*Exercise objective*.
Collect from the data below each line with "This".

*Information given*.

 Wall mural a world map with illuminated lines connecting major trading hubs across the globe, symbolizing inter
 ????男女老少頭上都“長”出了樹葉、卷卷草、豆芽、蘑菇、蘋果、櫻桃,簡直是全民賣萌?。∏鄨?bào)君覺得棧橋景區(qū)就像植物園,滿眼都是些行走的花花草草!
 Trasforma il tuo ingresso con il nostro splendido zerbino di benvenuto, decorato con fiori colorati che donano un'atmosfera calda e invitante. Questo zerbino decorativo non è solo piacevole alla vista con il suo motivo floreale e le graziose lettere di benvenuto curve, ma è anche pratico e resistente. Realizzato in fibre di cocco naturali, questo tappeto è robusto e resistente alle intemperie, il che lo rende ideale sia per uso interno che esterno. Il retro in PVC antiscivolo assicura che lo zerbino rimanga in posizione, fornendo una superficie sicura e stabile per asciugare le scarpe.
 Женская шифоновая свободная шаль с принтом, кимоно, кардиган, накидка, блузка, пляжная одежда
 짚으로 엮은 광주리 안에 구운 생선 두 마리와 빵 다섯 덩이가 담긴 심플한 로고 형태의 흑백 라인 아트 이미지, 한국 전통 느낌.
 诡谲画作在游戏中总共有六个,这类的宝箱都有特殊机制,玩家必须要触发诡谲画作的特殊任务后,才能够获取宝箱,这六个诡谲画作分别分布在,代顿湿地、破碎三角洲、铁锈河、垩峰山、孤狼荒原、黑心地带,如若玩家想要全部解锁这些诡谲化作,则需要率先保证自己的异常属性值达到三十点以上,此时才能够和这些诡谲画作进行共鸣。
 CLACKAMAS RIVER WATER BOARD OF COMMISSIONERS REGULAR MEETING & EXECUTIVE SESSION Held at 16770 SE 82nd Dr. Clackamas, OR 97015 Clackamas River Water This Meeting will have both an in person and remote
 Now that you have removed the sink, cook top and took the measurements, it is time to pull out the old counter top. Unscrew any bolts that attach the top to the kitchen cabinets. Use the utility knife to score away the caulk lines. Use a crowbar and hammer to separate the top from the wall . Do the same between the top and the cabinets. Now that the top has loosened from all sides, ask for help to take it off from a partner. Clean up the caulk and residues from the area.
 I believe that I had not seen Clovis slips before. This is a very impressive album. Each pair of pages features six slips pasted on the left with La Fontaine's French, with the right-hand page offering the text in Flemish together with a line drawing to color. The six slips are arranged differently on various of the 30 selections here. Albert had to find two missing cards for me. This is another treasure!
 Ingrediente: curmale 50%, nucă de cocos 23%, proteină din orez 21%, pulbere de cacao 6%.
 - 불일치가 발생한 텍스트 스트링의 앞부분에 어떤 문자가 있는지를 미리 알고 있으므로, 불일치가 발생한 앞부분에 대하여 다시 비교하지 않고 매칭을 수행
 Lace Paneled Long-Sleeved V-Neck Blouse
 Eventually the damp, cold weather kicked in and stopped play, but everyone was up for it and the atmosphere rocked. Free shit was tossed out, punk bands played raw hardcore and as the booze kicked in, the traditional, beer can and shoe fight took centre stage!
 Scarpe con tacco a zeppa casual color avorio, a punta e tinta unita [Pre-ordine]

*Task response*.
 CLACKAMAS RIVER WATER BOARD OF COMMISSIONERS REGULAR MEETING & EXECUTIVE SESSION Held at 16770 SE 82nd Dr. Clackamas, OR 97015 Clackamas River Water This Meeting will have both an in person and remote
 I believe that I had not seen Clovis slips before. This is a very impressive album. Each pair of pages features six slips pasted on the left with La Fontaine's French, with the right-hand page offering the text in Flemish together with a line drawing to color. The six slips are arranged differently on various of the 30 selections here. Albert had to find two missing cards for me. This is another treasure!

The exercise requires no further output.